Monorepo for live camera perception (Ultralytics YOLO + MiDaS monocular depth) exposed over a FastAPI WebSocket, plus a Next.js client that draws detections and optionally runs a Gemini-based “household tidying” agent that proposes human-executable actions and gated text-to-speech.

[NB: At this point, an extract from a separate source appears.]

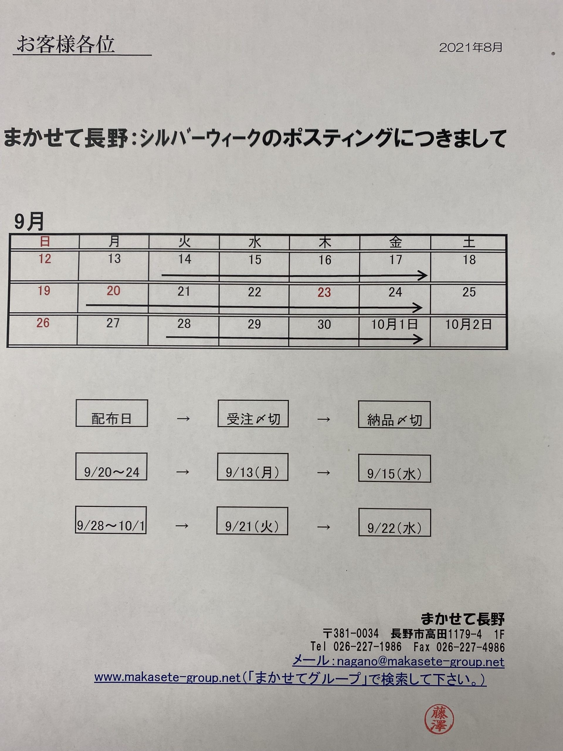 長野市 ポスティングします! シルバーウィークのスケジュール 地元長野市のポスティング専門企業 まかせて長野 | 配布日記 & 最新情報 2021年9月7日 2026 09.07 シルバーウィークのスケジュールです! 祝日が多いのは、嬉しいけど・・・スケジュールがタイトです・・・((+_+)) いつも配布のご依頼をいただきありがとうございます。 よろしくお願いいたします<(_ _)> 共有:Tweet
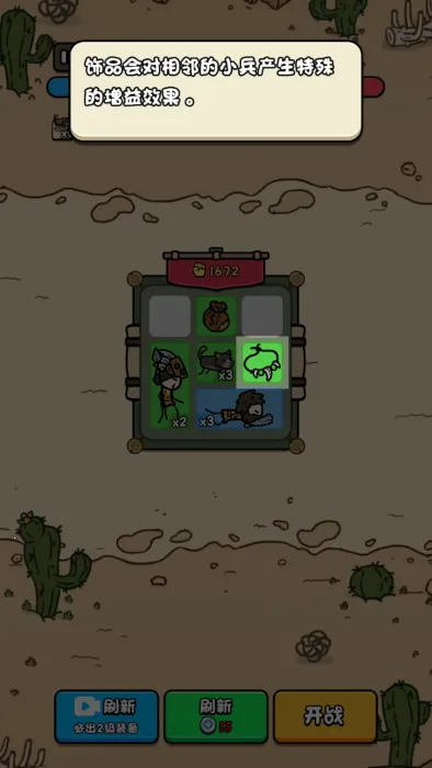 这是一款轻度休闲附带塔防模式的小游戏。游戏开局仅有一个小破烂,玩家通过合理操作养成内容来通关。将小兵拖入背包,合成相同士兵可增加数量,钱袋图标每回合获银币,项链装备能提供增益效果,准备好后战斗全自动进行。

This document is a technical reference for schemas, in-memory state, concurrency, environment variables, and how each module fits together.
flowchart LR
subgraph browser [Browser / Next.js]
Cam[Camera + canvas capture]
WS[WebSocket client]
HTTP[fetch POST agent/step]
TTS[Web Speech or OpenAI TTS]
end
subgraph backend [Python backend]
Dec[decode_image_bytes]
VP[VisionPipeline YOLO + MiDaS]
PP[postprocess_frame_for_agent]
WSrv[/ws/infer]
Pub[publish_latest LATEST_STATE]
Agent[run_agent Gemini]
Gate[compute_voice_gate]
Step[/v1/agent/step]
end
Cam -->|binary WebP/JPEG + fmt byte| WS
WS --> WSrv
WSrv --> Dec --> VP --> PP
PP --> Pub
Step --> Agent
Pub --> Step
Step --> Gate
HTTP --> Step
Gate --> HTTP
HTTP --> TTS
Separation of concerns
- Vision path is tuned for low latency: decode → YOLO + depth → JSON to the browser; in parallel, CPU postprocess builds WebP + grounded JSON and atomically publishes
LATEST_STATEfor the session. - Agent path is slow (Gemini round-trip). It never blocks the WebSocket loop beyond copying a snapshot; rate limiting and “busy” flags prevent overlapping calls per session.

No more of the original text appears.